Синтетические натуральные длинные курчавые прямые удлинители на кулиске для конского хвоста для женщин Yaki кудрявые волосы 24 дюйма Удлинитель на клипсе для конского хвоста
* * *
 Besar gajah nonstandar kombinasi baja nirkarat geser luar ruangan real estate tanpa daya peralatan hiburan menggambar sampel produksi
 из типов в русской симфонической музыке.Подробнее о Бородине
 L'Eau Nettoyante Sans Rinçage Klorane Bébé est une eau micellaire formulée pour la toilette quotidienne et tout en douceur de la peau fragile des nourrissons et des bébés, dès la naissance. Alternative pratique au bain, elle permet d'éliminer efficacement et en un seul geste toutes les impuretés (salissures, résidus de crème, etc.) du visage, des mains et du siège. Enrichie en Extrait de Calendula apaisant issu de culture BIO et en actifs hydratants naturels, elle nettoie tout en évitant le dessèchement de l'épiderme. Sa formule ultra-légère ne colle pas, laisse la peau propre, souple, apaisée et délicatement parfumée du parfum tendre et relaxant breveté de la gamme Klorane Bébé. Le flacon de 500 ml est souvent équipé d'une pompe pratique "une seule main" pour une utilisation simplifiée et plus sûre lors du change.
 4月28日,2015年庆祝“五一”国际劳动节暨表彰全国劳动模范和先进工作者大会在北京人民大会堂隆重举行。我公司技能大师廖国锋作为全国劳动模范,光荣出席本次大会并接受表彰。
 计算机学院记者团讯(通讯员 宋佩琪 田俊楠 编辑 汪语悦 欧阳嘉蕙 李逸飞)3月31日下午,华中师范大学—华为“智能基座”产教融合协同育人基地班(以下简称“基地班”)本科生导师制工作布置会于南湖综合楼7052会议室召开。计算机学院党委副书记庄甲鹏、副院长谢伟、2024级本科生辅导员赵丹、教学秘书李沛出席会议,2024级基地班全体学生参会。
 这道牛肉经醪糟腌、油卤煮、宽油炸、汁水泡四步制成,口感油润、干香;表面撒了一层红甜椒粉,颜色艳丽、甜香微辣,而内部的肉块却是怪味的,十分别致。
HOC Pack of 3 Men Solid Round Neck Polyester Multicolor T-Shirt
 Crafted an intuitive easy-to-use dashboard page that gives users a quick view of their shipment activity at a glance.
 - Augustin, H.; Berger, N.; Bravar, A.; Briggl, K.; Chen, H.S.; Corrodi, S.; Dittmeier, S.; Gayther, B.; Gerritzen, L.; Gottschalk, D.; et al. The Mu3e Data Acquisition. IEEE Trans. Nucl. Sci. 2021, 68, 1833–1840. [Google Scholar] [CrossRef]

== Work task ==
Could you set down, exactly as written, the lines above between the one holding "这道牛肉经醪糟腌、油卤煮、宽" and the one holding "- Augustin, H.;", inclusive, and nothing more?

== Response ==
 这道牛肉经醪糟腌、油卤煮、宽油炸、汁水泡四步制成,口感油润、干香;表面撒了一层红甜椒粉,颜色艳丽、甜香微辣,而内部的肉块却是怪味的,十分别致。
HOC Pack of 3 Men Solid Round Neck Polyester Multicolor T-Shirt
 Crafted an intuitive easy-to-use dashboard page that gives users a quick view of their shipment activity at a glance.
 - Augustin, H.; Berger, N.; Bravar, A.; Briggl, K.; Chen, H.S.; Corrodi, S.; Dittmeier, S.; Gayther, B.; Gerritzen, L.; Gottschalk, D.; et al. The Mu3e Data Acquisition. IEEE Trans. Nucl. Sci. 2021, 68, 1833–1840. [Google Scholar] [CrossRef]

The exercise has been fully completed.